Они ведь ни одной из твоих страстей не уймут, ни от одного из вожделений не
избавят». – Верно; я тоже считаю важнее те занятия, которые утишают душу, и
сперва исследую себя, а потом только вселенную. (16) Но времени я, вопреки
твоим мыслям, не теряю и сейчас: ведь если этих исследований не мельчить и не
растекаться в ненужных тонкостях, они поднимают и возвышают наш дух,
придавленный тяжелой ношей, но жаждущий распрямиться и вернуться в тот мир, которому
он принадлежит. Тело для духа – бремя и кара, оно давит его и теснит, держит в
оковах, покуда не явится философия и не прикажет ему вольно вздохнуть, созерцая
природу, и не отпустит от земного к небесному. В этой отлучке он ускользает
из-под стражи и набирается сил в открытом небе. (17) Как художники, утомив
глаза тонкой и пристальной работой в плохо и скудно освещенной мастерской,
выходят на улицу и в каком-нибудь отведенном для общественного отдыха месте
дают глазам насладиться вольным светом, так дух, запертый в своем темном и унылом
жилище, едва только может, стремится на простор и отдыхает, созерцая природу.
(18) Мудрый или ищущий мудрости, хоть и прочно скованы с телом, отсутствуют
лучшей своей частью и направляют помыслы ввысь. Они, словно присягнувшие воины,
считают срок своей жизни сроком службы, и образ их мыслей таков, что жизнь они
принимают без любви и без ненависти и терпеливо несут смертную долю, хотя и
знают, что лучшее ждет их впереди. (19) Ты запрещаешь мне наблюдать природу?
Отрываешь от целого, оставляешь мне малую часть? Нельзя мне доискиваться, в чем
начала всех вещей? Кто их лепщик? Кто расчленил все, когда оно было слито
воедино и облечено косной материей? Нельзя мне доискиваться, кто создатель
этого мира? По какой разумной причине такая громада обрела закон и порядок? Кто
собрал разбросанное, разделил перемешанное, коснеющему в единой бесформенности
придал обличье? Что изливает столько света? Огонь ли это, или что-нибудь ярче
огня? (20) Значит, нельзя мне этого доискиваться? Так мне и не узнать, откуда я
вышел? Однажды ли я должен все это видеть, или мне предстоит рождаться много
раз? Куда я отправлюсь отсюда? Какое жилище ждет душу, избавившуюся от рабского
человеческого состояния? Ты запрещаешь мне причаститься небу – значит, велишь
мне жить, не поднимая головы. (21) Я не так мал и не ради такой малости рожден,
чтобы быть только рабом своему телу, – на него я гляжу не иначе как на цепь,
сковавшую мою свободу. Его подставляю я судьбе, чтобы не шла дальше, и не
позволяю ее ударам, пройдя через него, ранить и меня. Если что во мне и может
потерпеть ущерб, так только тело; но в этом открытом для опасностей жилище
обитает свободный дух. (22) Эта плоть никогда не принудит меня страшиться, не
принудит к притворству, недостойному человека добра, или ко лжи во славу этого
ничтожного тела. Я расторгну союз с ним, как только мне заблагорассудится. Мы и
сейчас, покуда связаны друг с другом, союзники не на равных правах: все их
забрала себе душа. Презрение к собственному телу наверняка дает свободу. (23)

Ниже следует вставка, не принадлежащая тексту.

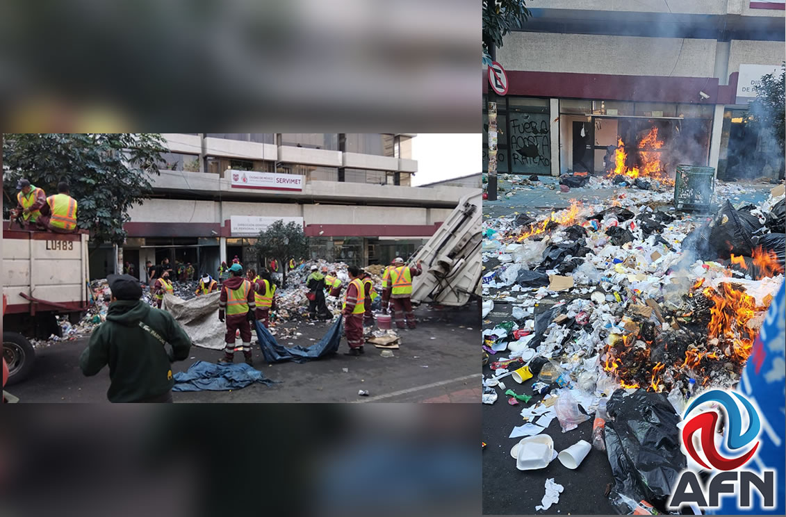 CIUDAD DE MÉXICO CDMX 12 DE DICIEMBRE DE 2025 (AFN).- Trabajadores del servicio de limpia de la Ciudad de México realizaron una protesta en la zona Centro, donde vaciaron camiones de basura y quemaron los desperdicios en plena vía pública como forma de presión ante la falta de respuestas a sus demandas laborales.

Возвращаясь к нашему предмету, я повторяю, что свободе этой немало способствует
и наблюдение природы, о котором мы беседовали. Ведь все состоит из материи и
бога. Бог упорядочивает смешение, и все следует за ним, правителем и вожатым.
Могущественнее и выше то, что действует, то есть бог, нежели материя, лишь
претерпевающая действие бога. (24) То же место, что в этом мире бог, занимает в
человеке душа; что в мире материя, то в нас – тело. Так пусть худшее рабски
служит лучшему; будем же храбры против всего случайного, не побоимся ни обид,
ни ран, ни оков, ни нужды. Что такое смерть? Либо конец, либо переселенье. Я не
боюсь перестать быть – ведь это все равно, что не быть совсем; я не боюсь
переселяться – ведь нигде не буду я в такой тесноте. Будь здоров.